Information Sharing and Handover Quality Across Hospital-to-Home Transitions in Domiciliary Care
Information sharing failures remain one of the most common contributors to unsafe hospital-to-home transitions. Incomplete referrals, delayed clinical information, and unclear escalation routes undermine safe starts and place both providers and service users at risk. Providers operating across homecare transitions and hospital interfaces must align handover quality with homecare service models and pathways that prioritise accuracy, timeliness, and accountability.
This article examines the operational and governance controls providers use to manage information sharing and handover quality at the hospital interface.
Why handover quality matters at discharge
Discharge decisions are often made under time pressure, increasing the risk of missing or inaccurate information. For domiciliary care providers, poor handover can result in unsafe first visits, inappropriate care planning, and rapid escalation.
Operational example 1: Structured discharge referral checks
Context: Providers receive referrals with incomplete risk and medication information.
Support approach: A mandatory referral checklist is introduced before acceptance.

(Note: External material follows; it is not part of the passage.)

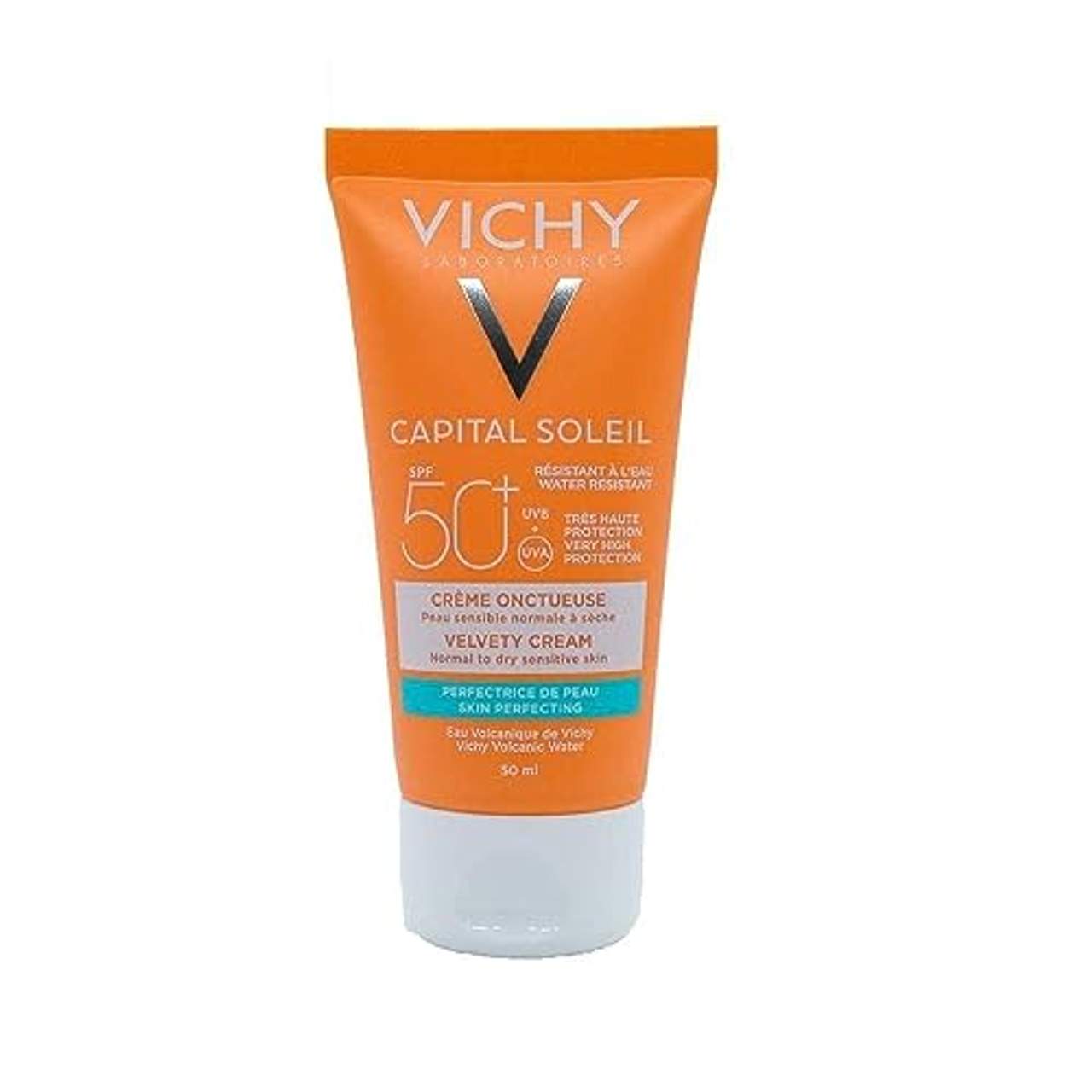 Vichy Gesichts-Sonnencreme Capital Idéal Soleil+ 50 mlAnwendungsgebiet von _Vichy Capital Soleil Gesicht 50+ (Packungsgröße: 50 ml)_Vichy Capital Soleil Gesicht 50+ (Packungsgröße: 50 ml) kann von Ihnen bei den unterschiedlichsten Hauttypen angewendet werden und garantiert Ihnen einen zuverlässigen Schutz vor gefährlichen Sonnenstrahlen - dank des Lichtschutzfaktors 50+.Wirkungsweise von _Vichy Capital Soleil Gesicht 50+ (Packungsgröße: 50 ml)_Vichy Capital Soleil Gesicht 50+ (Packungsgröße: 50 ml) ist eine hautperfektionierende Sonnencreme für Ihr Gesicht. Denn speziell Ihre Gesichtshaut muss vor der intensiven Sonneneinstrahlung geschützt werden, da diese sehr empfindlich ist.Die Vichy Capital Soleil Gesicht 50+ (Packungsgröße: 50 ml) kann von Männern und Frauen gleichermaßen verwendet werden. Auch der Hauttypus, ob heller, normaler oder trockene Hautteint spielt bei Vichy Capital Soleil Gesicht 50+ (Packungsgröße: 50 ml) dabei keine Rolle, da Vichy Capital Soleil Gesicht 50+ (Packungsgröße: 50 ml) für alle Hauttypen geeignet ist.Vichy Capital Soleil Gesicht 50+ (Packungsgröße: 50 ml) ist mit seinem intensiven Lichtschutzfaktor 50+ und seiner sehr hohen feuchtigkeitsspendenden Schutzwirkung über 24 Stunden, ideal für hohe Strahlenbelastungen auf Ihrem Gesicht. Denn Vichy Capital Soleil Gesicht 50+ (Packungsgröße: 50 ml) ist reich an Hyaluronsäure. Außerdem ist Vichy Capital Soleil Gesicht 50+ (Packungsgröße: 50 ml) besonders hypoallergen und ohne Parabene.Vichy Capital Soleil Gesicht 50+ (Packungsgröße: 50 ml) von der Firma Vichy garantiert Ihnen die passende Sonnenschutzpflege für jeden Hauttyp u

Day-to-day delivery detail: Care coordinators verify mobility status, medication changes, equipment needs, and safeguarding flags before scheduling first visits.
How effectiveness is evidenced: Providers track rejected or delayed referrals and report patterns to discharge hubs.
Operational example 2: First-visit handover verification
Context: Information discrepancies are identified during initial visits.
Support approach: First visits include structured handover confirmation steps.
Day-to-day delivery detail: Staff confirm key risks and escalate discrepancies immediately to on-call managers.
How effectiveness is evidenced: Providers monitor first-visit escalations and safeguarding alerts.
Operational example 3: Managing urgent discharge changes
Context: Discharge plans change at short notice due to clinical deterioration.
Support approach: Providers implement real-time update protocols with discharge teams.
Day-to-day delivery detail: Updated information must be confirmed verbally and logged before visits proceed.
How effectiveness is evidenced: Incident logs demonstrate reduced medication and care planning errors.
Commissioner expectation: Accurate and timely information flow
Commissioners expect providers to evidence robust handover processes that support safe discharge and reduce avoidable readmissions. Clear escalation routes and documented information checks are critical.
Regulator expectation: Safe care planning and risk management
The CQC expects providers to demonstrate that care plans reflect accurate, current information. Inspectors look for evidence that providers challenge poor information quality and protect people from avoidable harm.
Embedding handover governance into daily practice
Strong providers embed handover audits, escalation logs, and feedback loops with hospitals. These controls support safe delivery while strengthening system-wide trust and reliability.